Depending on the number of people you’re cooking for, you will have to adjust the recipe, but here’s how to make enough for 6 people.
Preheat the Oven to 350.
Beat 8 Eggs with 1/2 cup of Milk and Salt & Pepper.
Spray Olive Oil generously on a baking sheet pan, coating all the way up the sides.
Pour the egg mixture into the pan, place in center rack in the oven and bake for 8 minutes. Take it out of the oven and let it cool to the touch. It’s hard to handle if the eggs are too hot.
The Filling is the fun part! You can use any vegetables (mushroom, spinach…) and cheese you like. Heat up some butter & add 1/3 Cup of chopped onions and 1 garlic clove chopped, add fresh vegetables (cut the veggies into small bite size pieces) and lightly saute`.
I like to add thin asparagus spears because it looks so beautiful when you cut the Roulade`. Blanch the asparagus for 30 seconds in boiling, salted water. Quickly drain, pat dry & set aside until you’re ready to add the rest of the ingredients to the eggs.
Mix 1 Cup of Soft Cream Cheese, add 1/2 a cup of whatever other cheese you like. Add chopped herbs of your choice, we like to use Chives and Italian Parsley from our herb garden with a touch of Rosemary, but not too much or it will overpower all the other ingredients as Rosemary is quite strong. Mix these ingredients into a paste adding Salt & plenty of freshly ground Pepper. Gently, using a soft spatula, spread the cheese mixture onto the Eggs evenly.

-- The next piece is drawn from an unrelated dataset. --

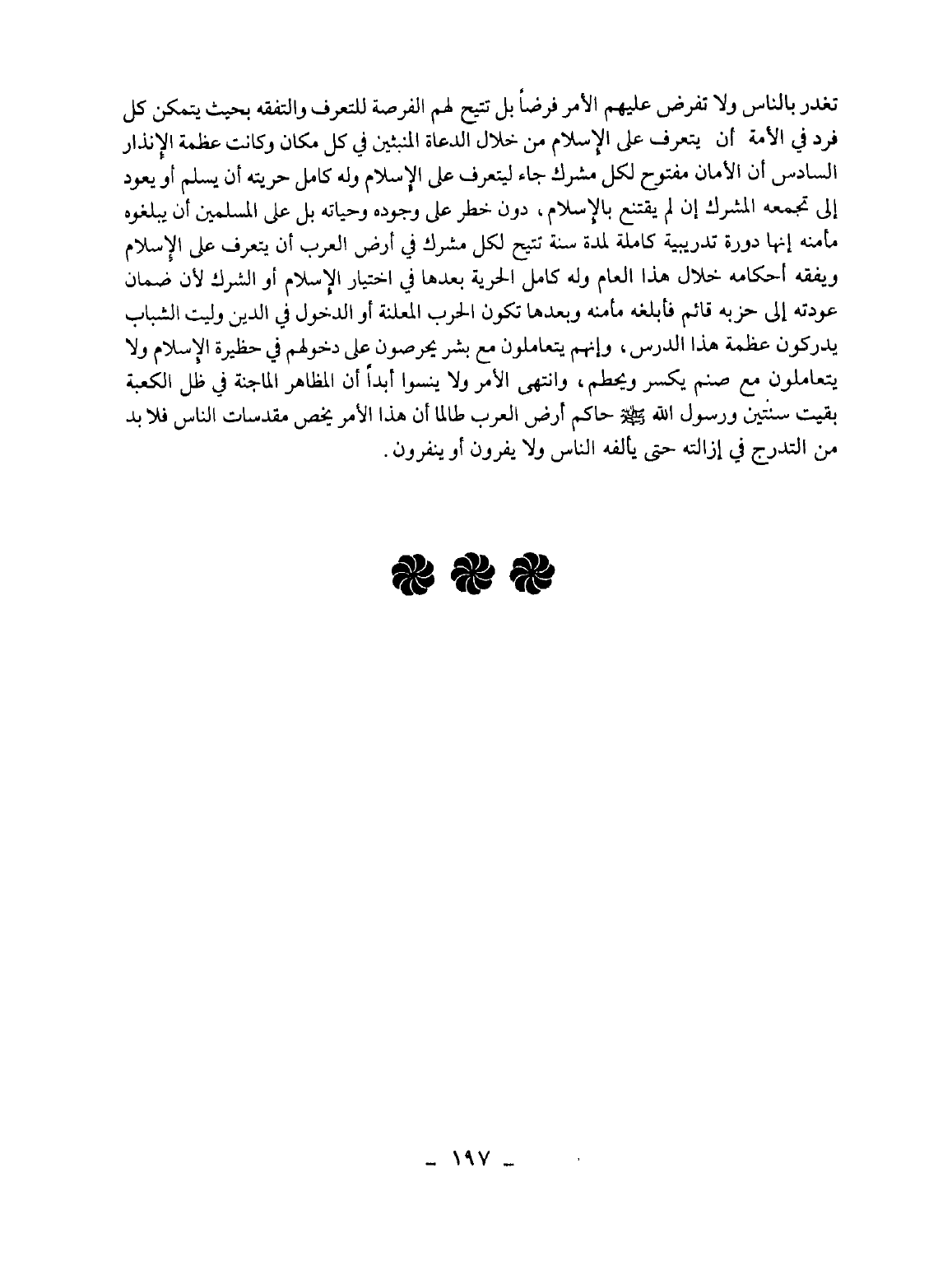تغدر بالناس ولا تفرض عليهم الأمر فرضا بل تتيح لهم الفرصة للتعرف والتفقه بحيث يتمكن كل فرد في الأمة أن يتعرف على الإسلام من خلال الدعاة المنبثين في كل مكان وكانت عظمة الإنذار السادس أن الأمان مفتوح لكل مشرك جاء ليتعرف على الإسلام وله كامل حريته أن يسلم أو يعود إلى تجمعه المشرك إن لم يقتنع بالإسلام، دون خطر على وجوده وحياته بل على المسلمين أن يبلغوه مأمنه إنها دورة تدريبية كاملة لمدة سنة تتيح لكل مشرك في أرض العرب أن يتعرف على الإسلام ويفقه أحكامه خلال هذا العام وله كامل الحرية بعدها في اختيار الإسلام أو الشرك لأن ضمان عودته إلى حزبه قائم فأبلغه مأمنه وبعدها تكون الحرب المعلنة أو الدخول في الدين وليت الشباب يدركون عظمة هذا الدرس، وإنهم يتعاملون مع بشر يحرصون على دخولهم في حظيرة الإسلام ولا يتعاملون مع صنم يكسر ويحطم، وانتهى الأمر ولا ينسوا أبدا أن المظاهر الماجنة في ظل الكعبة بقيت سنتين ورسول الله - صلى الله عليه وسلم - حاكم أرض العرب طالما أن هذا الأمر يخص مقدسات الناس فلا بد من التدرج في إزالته حتى يألفه الناس ولا يفرون أو ينفرون.

We added sautéed mushrooms to this particular Roulade, but you can add whatever veggies you like. You can now add the asparagus in the center.
Roll up the Eggs carefully using a soft spatula so as not to break it. You can serve this room temperature but I like to warm it up in the over for a few minutes before slicing and serving. Slice it into 6 separate pieces, making sure to clean your knife between each cut so as the get a clean cut.
Now you’re ready to plate the Roulade, sprinkle it with more chopped fresh herbs & serve!